▸ The problem: In this exercise, print only the lines of the records below from the one with "改用較小外形尺寸雙芯片功率封" through the one with "Σήμερα Παρασκευή 27", inclusive. Pictures are not part of the copy.

▸ Available records:
[Start of section]

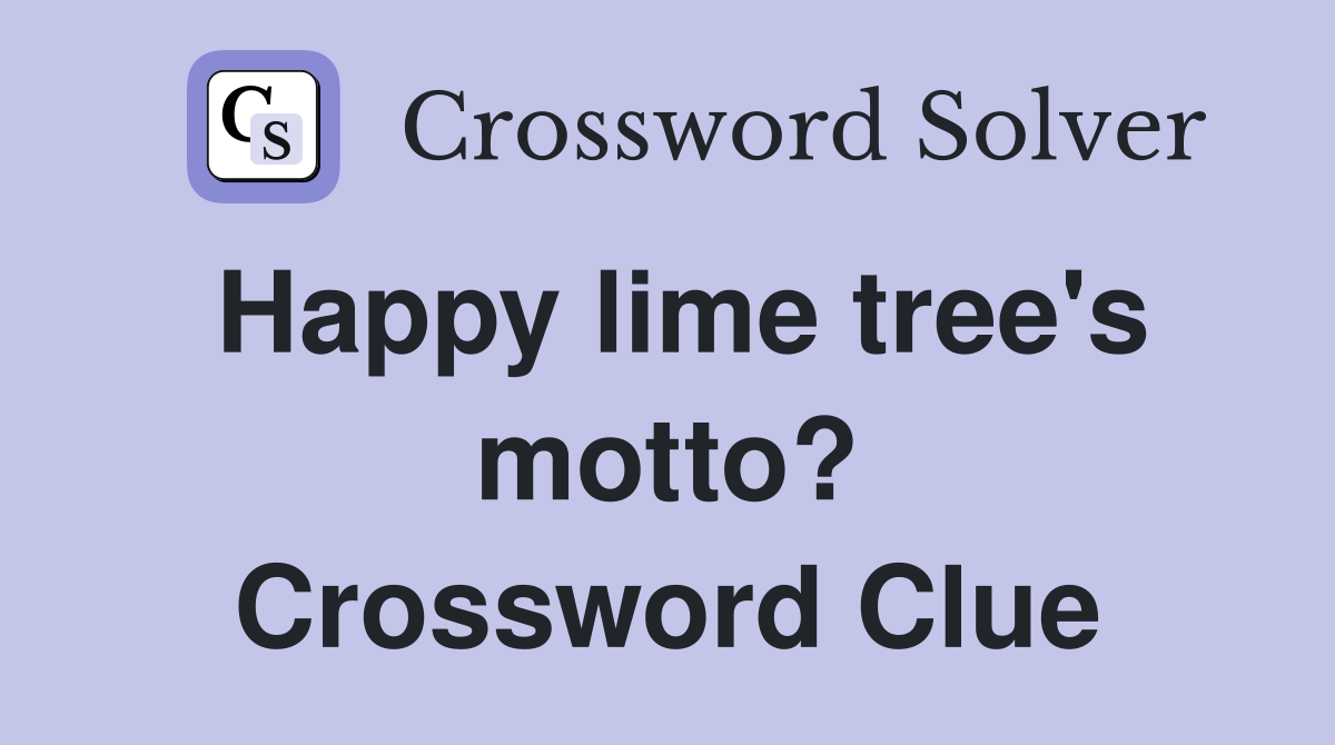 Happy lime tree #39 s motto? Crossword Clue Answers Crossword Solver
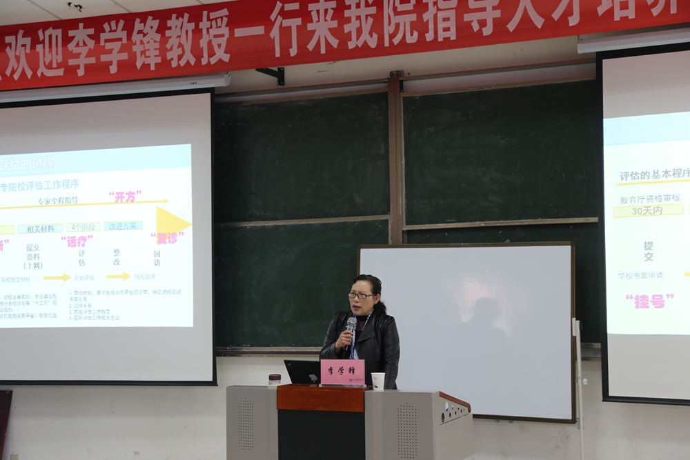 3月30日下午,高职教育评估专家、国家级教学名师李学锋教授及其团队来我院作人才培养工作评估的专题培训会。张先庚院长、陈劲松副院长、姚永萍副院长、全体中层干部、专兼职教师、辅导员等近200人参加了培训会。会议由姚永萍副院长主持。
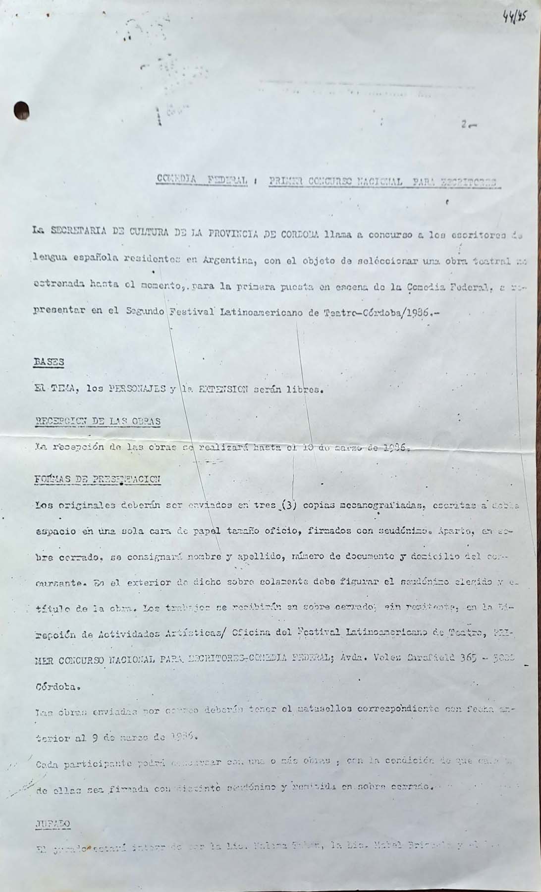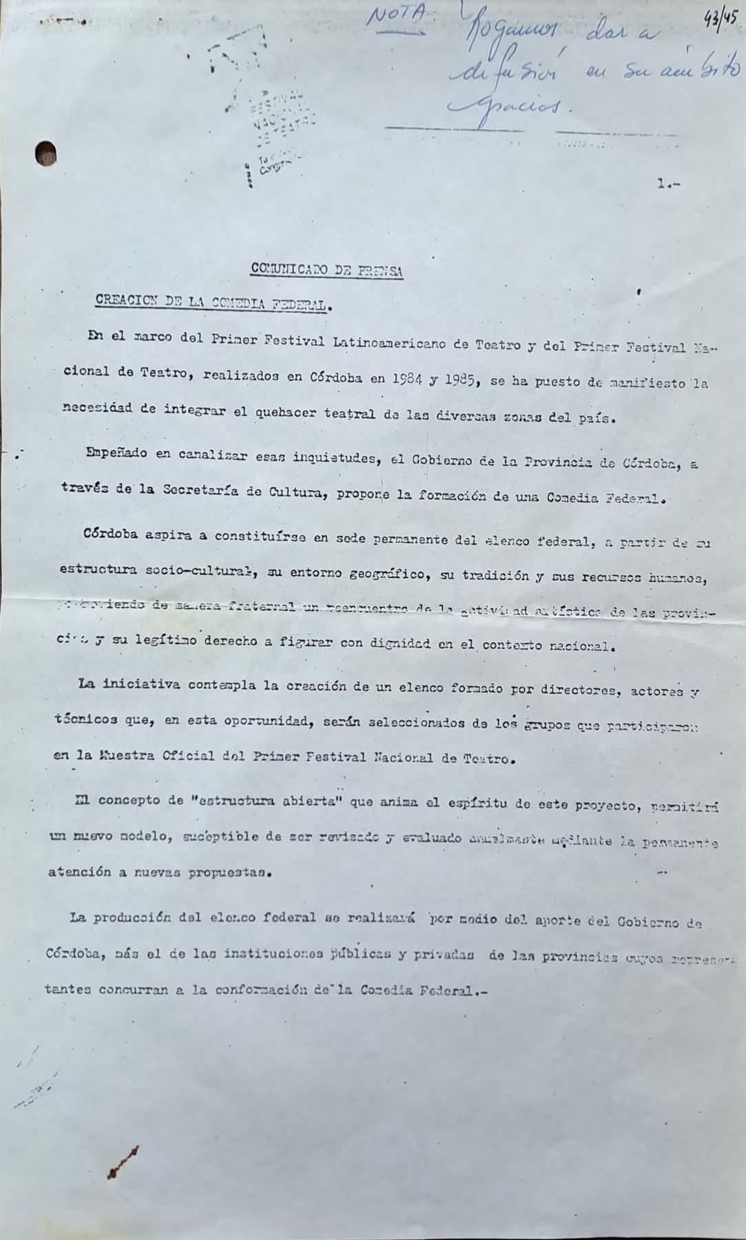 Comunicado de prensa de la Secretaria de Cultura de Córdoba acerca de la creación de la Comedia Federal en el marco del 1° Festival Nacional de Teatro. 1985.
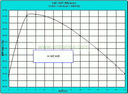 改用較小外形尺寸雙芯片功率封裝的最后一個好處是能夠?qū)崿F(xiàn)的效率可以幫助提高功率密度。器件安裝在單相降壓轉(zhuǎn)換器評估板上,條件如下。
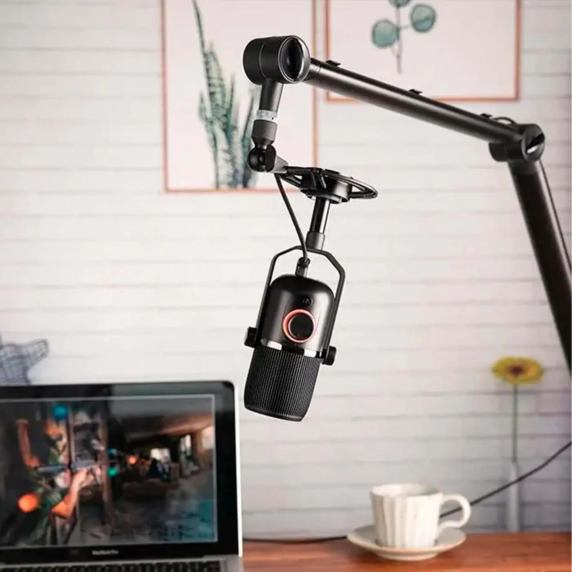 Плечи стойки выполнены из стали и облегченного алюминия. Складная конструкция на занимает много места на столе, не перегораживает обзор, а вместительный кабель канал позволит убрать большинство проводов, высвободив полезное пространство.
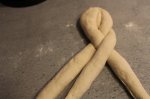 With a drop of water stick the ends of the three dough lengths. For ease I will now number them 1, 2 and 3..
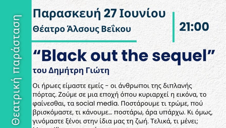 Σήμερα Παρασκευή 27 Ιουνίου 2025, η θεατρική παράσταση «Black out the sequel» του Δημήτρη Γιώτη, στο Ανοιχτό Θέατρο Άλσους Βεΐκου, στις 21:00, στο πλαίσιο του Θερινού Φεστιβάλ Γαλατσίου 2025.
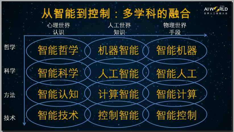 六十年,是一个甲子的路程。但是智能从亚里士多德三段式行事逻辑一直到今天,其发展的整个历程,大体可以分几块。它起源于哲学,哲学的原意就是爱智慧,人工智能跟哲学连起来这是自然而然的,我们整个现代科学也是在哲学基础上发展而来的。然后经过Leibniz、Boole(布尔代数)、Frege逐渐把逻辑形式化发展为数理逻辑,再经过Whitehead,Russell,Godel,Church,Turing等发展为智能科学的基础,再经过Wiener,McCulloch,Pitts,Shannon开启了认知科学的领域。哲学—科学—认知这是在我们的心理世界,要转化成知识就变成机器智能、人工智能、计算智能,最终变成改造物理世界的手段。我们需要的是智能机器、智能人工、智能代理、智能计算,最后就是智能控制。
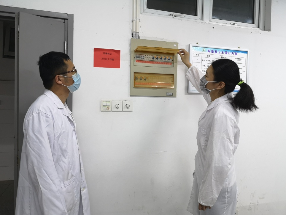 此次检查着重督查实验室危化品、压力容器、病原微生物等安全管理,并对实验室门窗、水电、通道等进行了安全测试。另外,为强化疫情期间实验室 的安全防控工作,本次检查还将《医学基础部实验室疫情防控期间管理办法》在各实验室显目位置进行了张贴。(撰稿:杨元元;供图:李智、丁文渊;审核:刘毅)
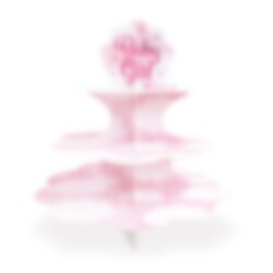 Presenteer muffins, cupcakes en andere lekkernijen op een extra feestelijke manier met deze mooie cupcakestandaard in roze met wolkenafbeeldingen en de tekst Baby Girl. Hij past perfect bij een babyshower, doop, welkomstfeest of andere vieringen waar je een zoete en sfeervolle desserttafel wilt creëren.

[End of section]

▸ Solution for this problem:
 改用較小外形尺寸雙芯片功率封裝的最后一個好處是能夠?qū)崿F(xiàn)的效率可以幫助提高功率密度。器件安裝在單相降壓轉(zhuǎn)換器評估板上,條件如下。
 Плечи стойки выполнены из стали и облегченного алюминия. Складная конструкция на занимает много места на столе, не перегораживает обзор, а вместительный кабель канал позволит убрать большинство проводов, высвободив полезное пространство.
 With a drop of water stick the ends of the three dough lengths. For ease I will now number them 1, 2 and 3..
 Σήμερα Παρασκευή 27 Ιουνίου 2025, η θεατρική παράσταση «Black out the sequel» του Δημήτρη Γιώτη, στο Ανοιχτό Θέατρο Άλσους Βεΐκου, στις 21:00, στο πλαίσιο του Θερινού Φεστιβάλ Γαλατσίου 2025.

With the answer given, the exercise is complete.